◆ The problem: Write out exactly, excluding pictures, the lines from the one containing "Oficiální dvanáctiměsíční nástěnný" through the end of the data, both included.

◆ Task input:
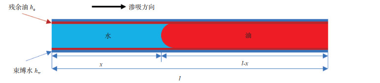 1 自发渗吸驱油数学模型假设致密砂岩基质孔隙由大量毛管束组成,在渗吸过程中,忽略重力影响,在毛管力的作用下,水自发驱替原油。假设毛管的长度为l,半径为r,t时刻油水界面的位移距离为x,束缚水与残余油分别以水膜、油膜形式存在,厚度分别为hw、ho(图 1),不同毛管半径中水膜、油膜厚度占比相同,则毛管渗流有效半径计算公式为[24]
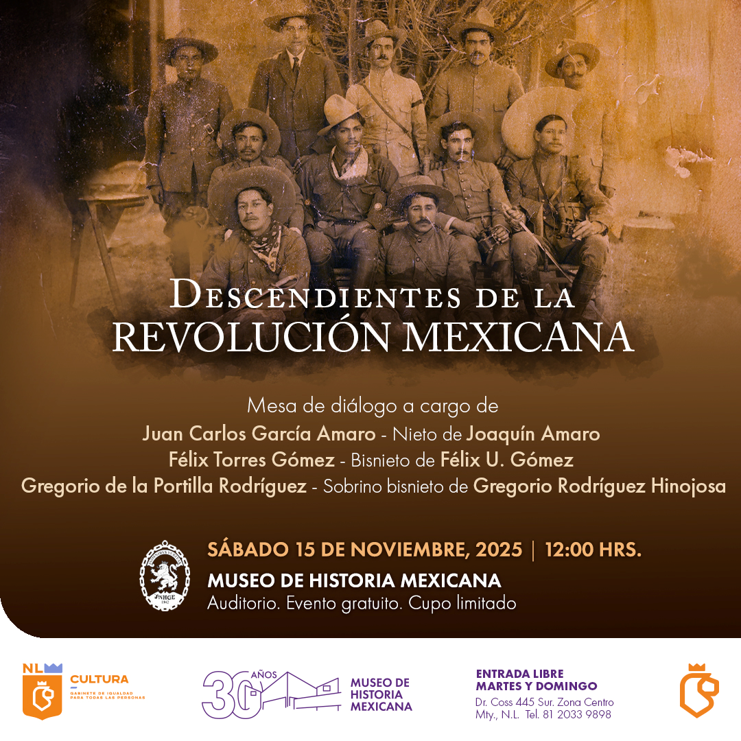 La charla “Descendientes de la Revolución Mexicana”, se realizará el sábado 15 de noviembre a las 10:30 horas en el Auditorio del Museo del Noreste con entrada libre.
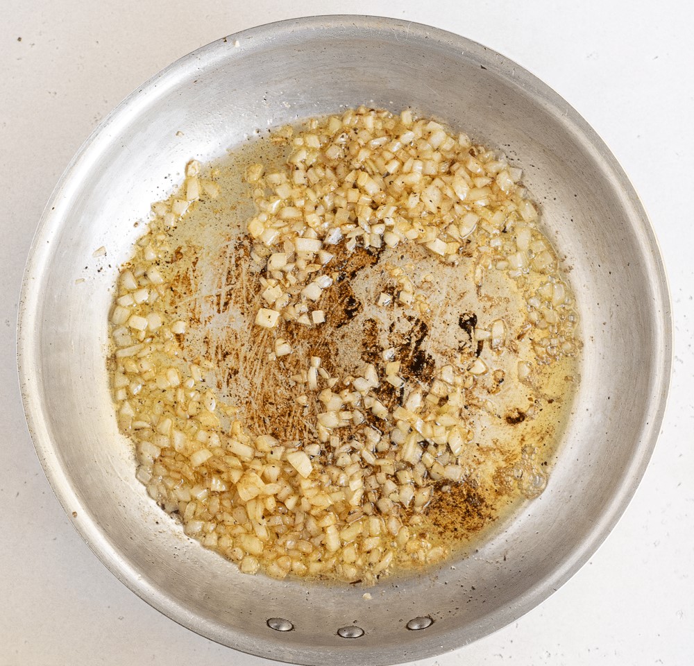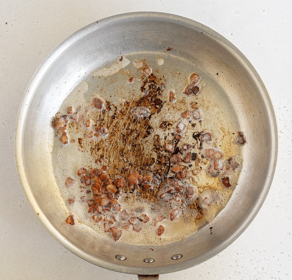 Chop the bacon into small pieces, about ½” in size. In a large sauté pan, cook the bacon over medium heat until browned and crunchy, then use a slotted spoon to transfer it to a plate lined with paper towels. As the bacon is cooking, warm a saucepan over medium heat. Add the chicken stock, let it come to a gentle simmer, then turn the heat to low to keep it warm. In the same sauté pan used to cook the bacon, add the olive oil. Add onion, and mix it into the olive oil and remaining bacon fat, scraping the browned bits from the bottom of the pan into the onion as it cooks. Add a pinch of salt to the onion and cook for 3-4 minutes, until softened.
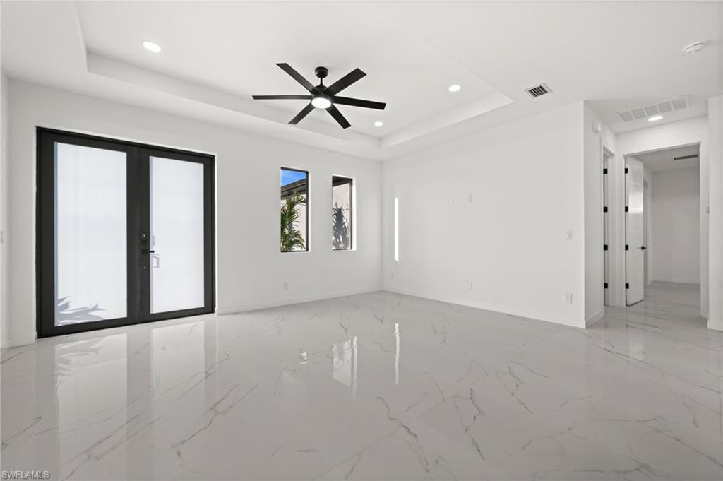 Welcome to the "Moonstone" Model. This amazing home is the perfect blend of value, comfort, luxury, style, and security. This beautiful new construction is built for everyone who wants to live with all the comforts of 'home. ’ Impact windows and doors, European style kitchen featuring soft closing cabinet doors, drawers and Bloom hardware, high-end appliances, double oven, hood, cooktop, wine cooler, and much more. Master bedroom with custom designed built in walk-in closet, master en-suite with glass shower enclosure, double vanity, and linen closet. Two spacious bedrooms with walk-in closets, guest bathroom with glass shower enclosure. Home offers open concept layout with 10-foot-high interior ceilings, 8-foot-high designer doors. Outdoor kitchen with marble countertops and 1/2 bath by the pool, ready for enjoyment 12' x 24' beautiful pool with Sun Ledge, 2 car garage, washer, dryer, and laundry sink. "NO FLOOD INSURANCE NEEDED". Engulf in the multitude of upscale details that you must see to appreciate. Enjoy your day by the pool or explore everything Cape Coral has to offer. Do not miss out on this one-of-a-kind opportunity! Schedule your showing today and make this beauty your home!
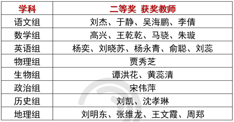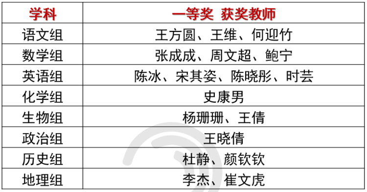 截至2019年11月7日,高三青年教师第一阶段讲题能力比赛圆满落幕,共评出一等奖18人,二等奖23人,以下为获奖名单:
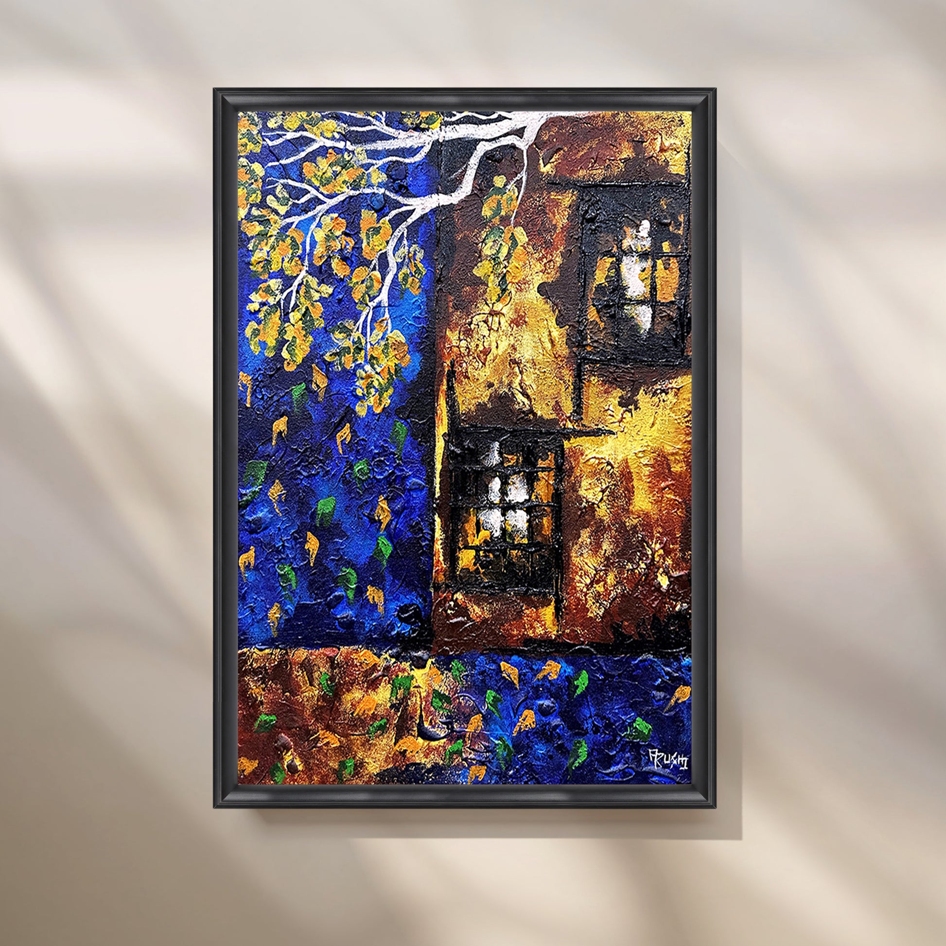 Embossed, acrylic art on canvas. The painting features bright yet soothing colours with falling petals, so as to give a feel of the start of autumn.
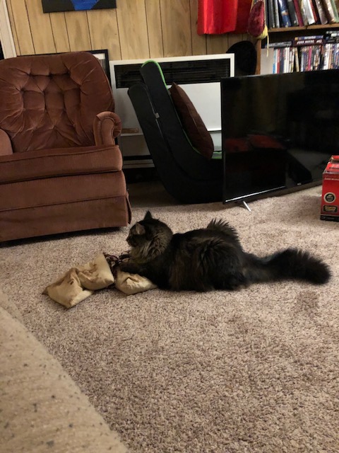 Your patience with Azzie and Sawyer stayed. You loved when our landlord friend and his brother were working on The Hobbit Hole; you’d sit there and watch them for hours. You were a lot people’s favorite cat of the three for this reason. Also, your ridiculously fluffy tail.
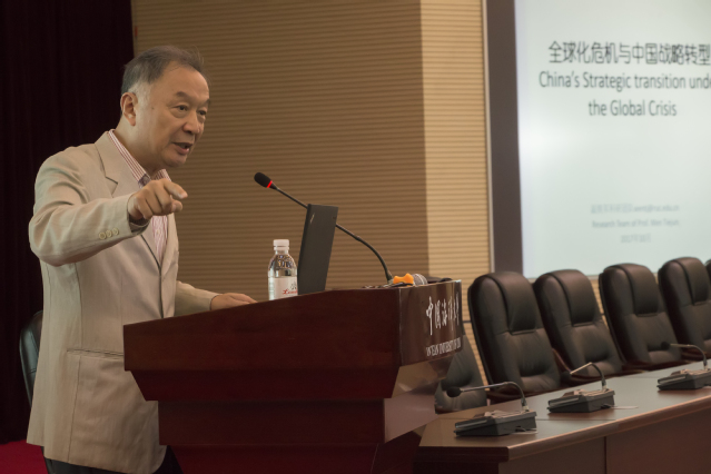 温教授认为,中国能够取得迅速而平稳的发展,主要得益于两个因素。第一,中国在全球化浪潮中坚守住自身的货币主权;第二,面对生产过剩危机,领导人通过“区域发展平衡”“城乡发展平衡”“一带一路”等战略,推动基础设施建设,以拉动投资,使得中国经济在全球经济危机中软着陆。温教授同时指出,现今中国依然面临经济生产过剩的压力,目前中国的应对措施是“贫富差别再平衡”,但要真正实现这个目标,必须改变金融资本的异化地位,使其重新变回一种生产要素。
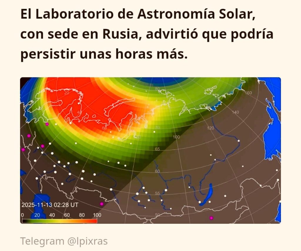 Especialistas em geofísica alertaram que a Terra enfrenta uma nova e mais poderosa tempestade solar geomagnética do que a vivida há cerca de um mês passado e que desencadeou uma série de efeitos “auroras boreais” incomuns observadas em várias partes do planeta, inclusive no Cone Sul do continente Americano. Embora esta última erupção de radiação e plasma, produzida pelas ejeções de massa coronal do Sol (CMEs), tenha sido a mais forte em 21 anos, “Não esteve nem perto de ser a mais forte”, afirmou Shawn Dahl do Centro de Previsão Clima Espacial da Administração Nacional Oceânica e Atmosférica dos EUA, citado pela revista Scientific American. “Embora isso tenha sido histórico, não chegou nem perto do nível de 1921 e 1859”, disse ele, referindo-se às duas tempestades magnéticas mais poderosas da história já registradas pela ciência.
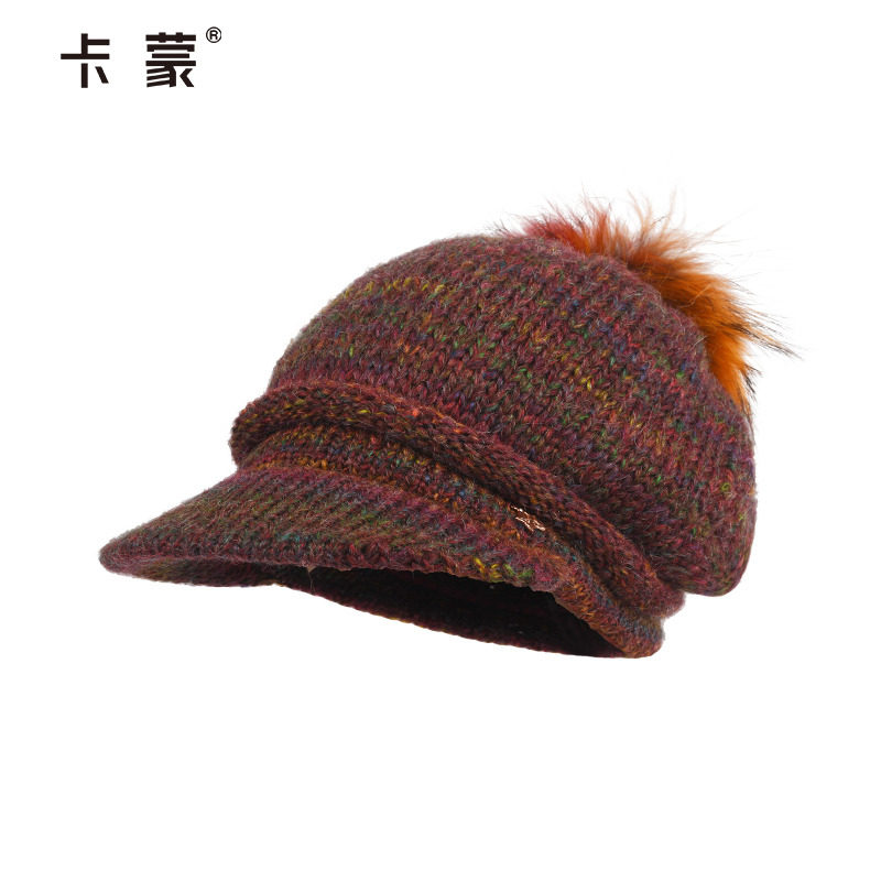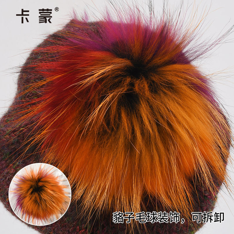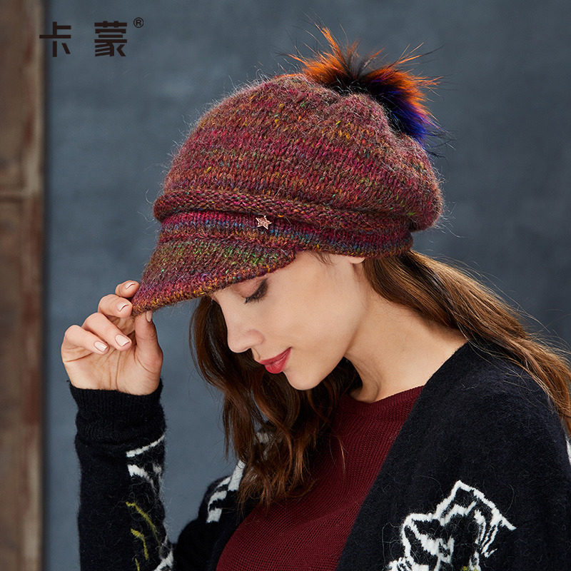 卡蒙马海毛混纺毛线帽子可拆卸貉子毛球鸭舌帽堆堆帽女秋冬针织帽
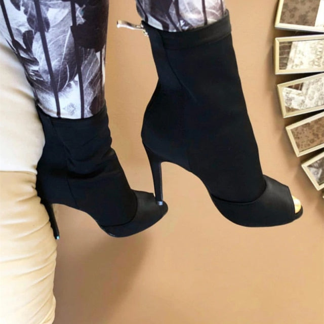 Open Stiletto Zip Up Ankle Boots
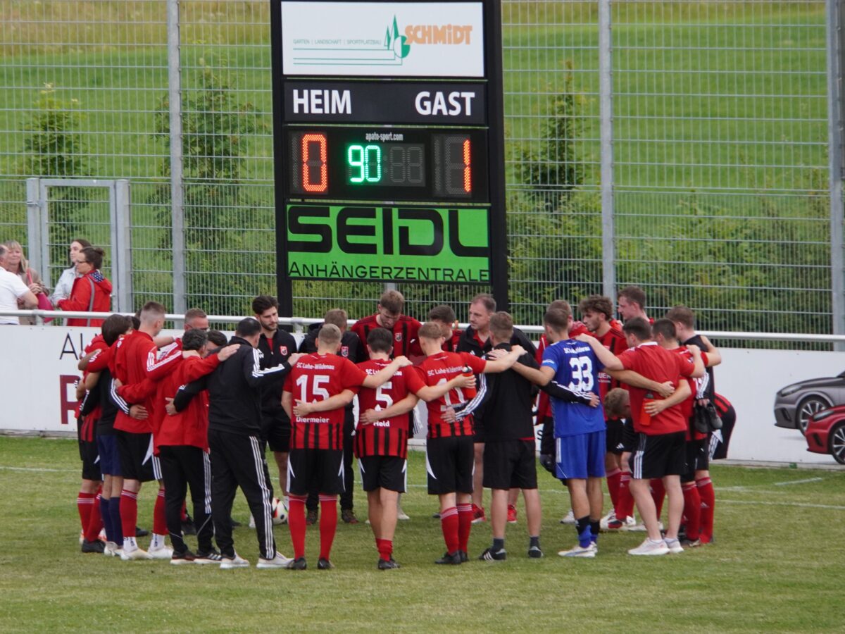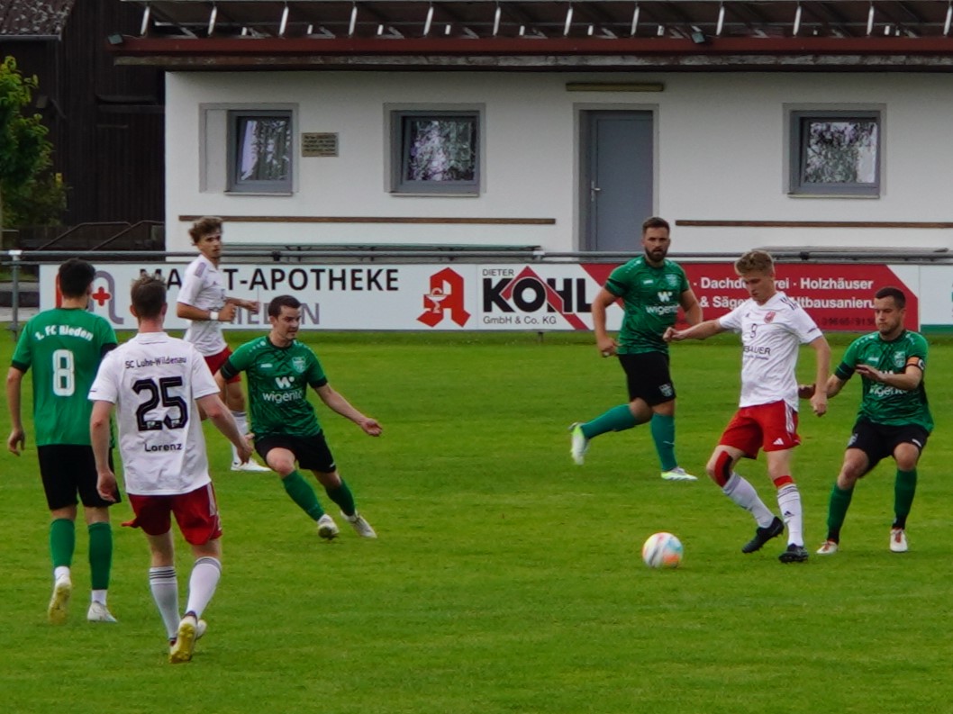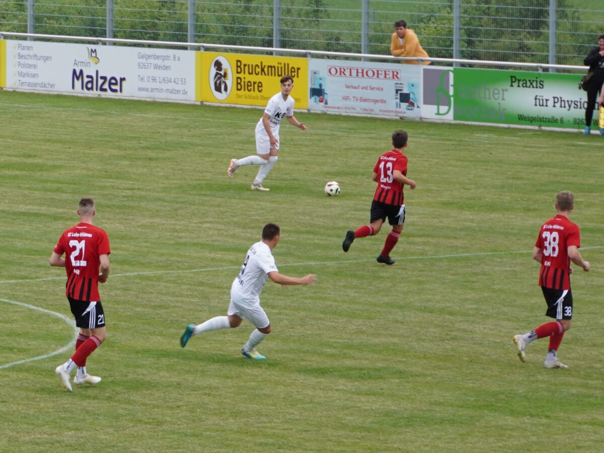 Am Samstag trat der SC Luhe-Wildenau erneut an, diesmal gegen den Bezirksliga-Absteiger 1. FC Rieden. Das Spiel begann mit einer frühen Führung für den SC durch Johannes Rodler in der 7. Minute. Ein Missverständnis in der Abwehr des SC führte jedoch zum Ausgleich durch Jonas Hofrichter. Trotz deutlicher Feldüberlegenheit und beherzter Verteidigung der Riedener endete die erste Halbzeit 1:1.
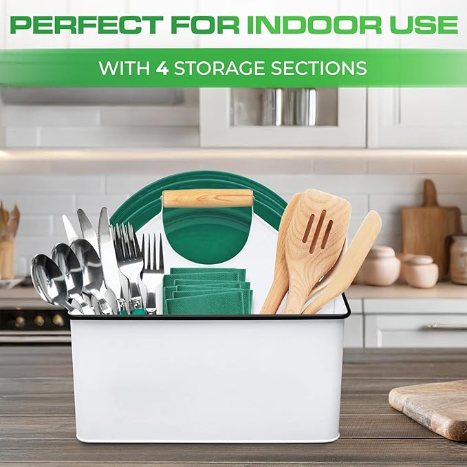 - Galvanized Caddy with Handle: This silverware caddy is a must-have for summer pool parties, picnics, patio, and other occasions. Designed to hold utensils, napkins, condiments, and plates, this large utensil holder features a durable construction that resists corrosion and scratches.
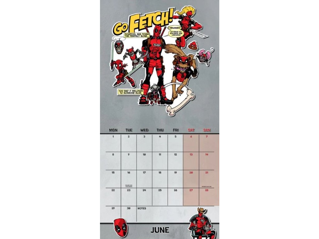 Oficiální dvanáctiměsíční nástěnný kalendář studia Marvel na rok 2026 s komiksovou licencí Deadpool od společnosti Marvel.
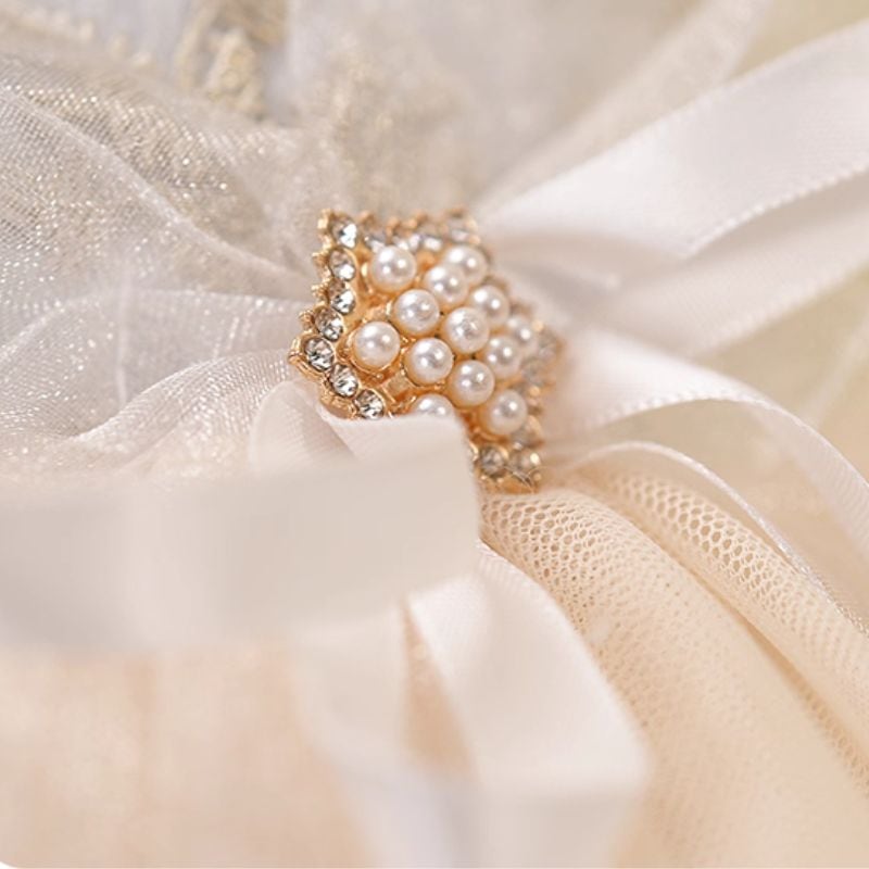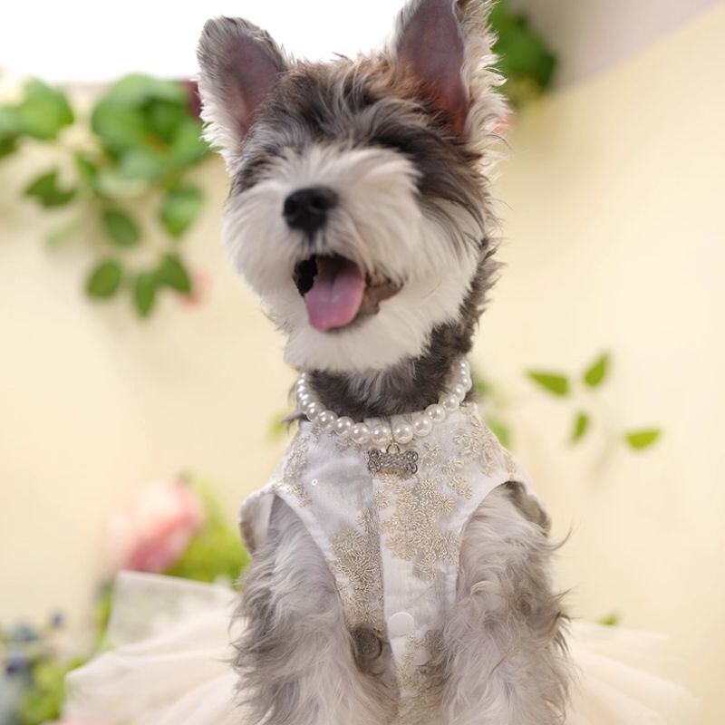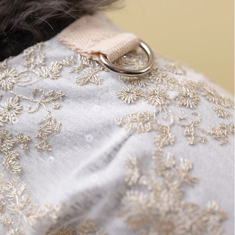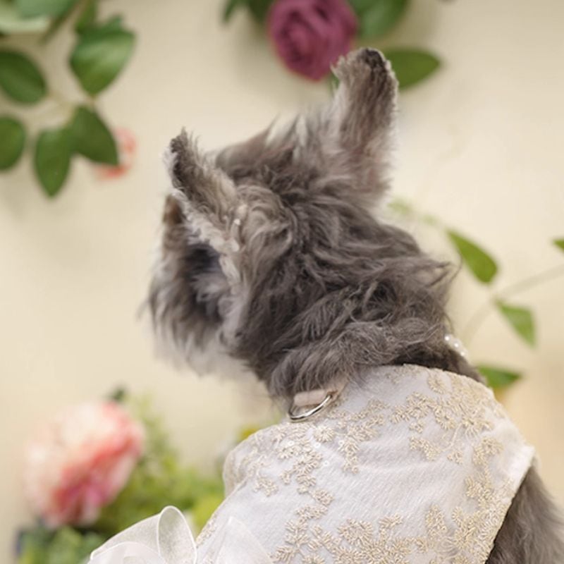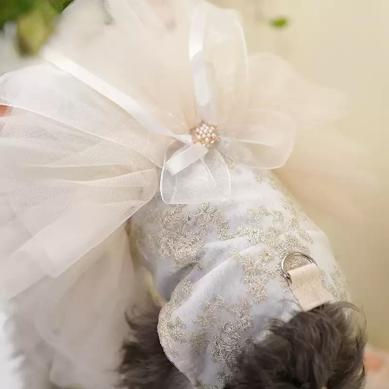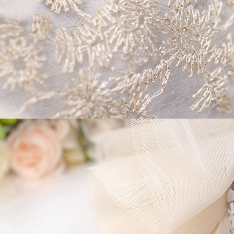 豪華な金糸刺繍のトップスに、軽やかに広がるティアードチュールスカートを合わせた特別感あふれるドレス。

◆ Written response:
 Oficiální dvanáctiměsíční nástěnný kalendář studia Marvel na rok 2026 s komiksovou licencí Deadpool od společnosti Marvel.
 豪華な金糸刺繍のトップスに、軽やかに広がるティアードチュールスカートを合わせた特別感あふれるドレス。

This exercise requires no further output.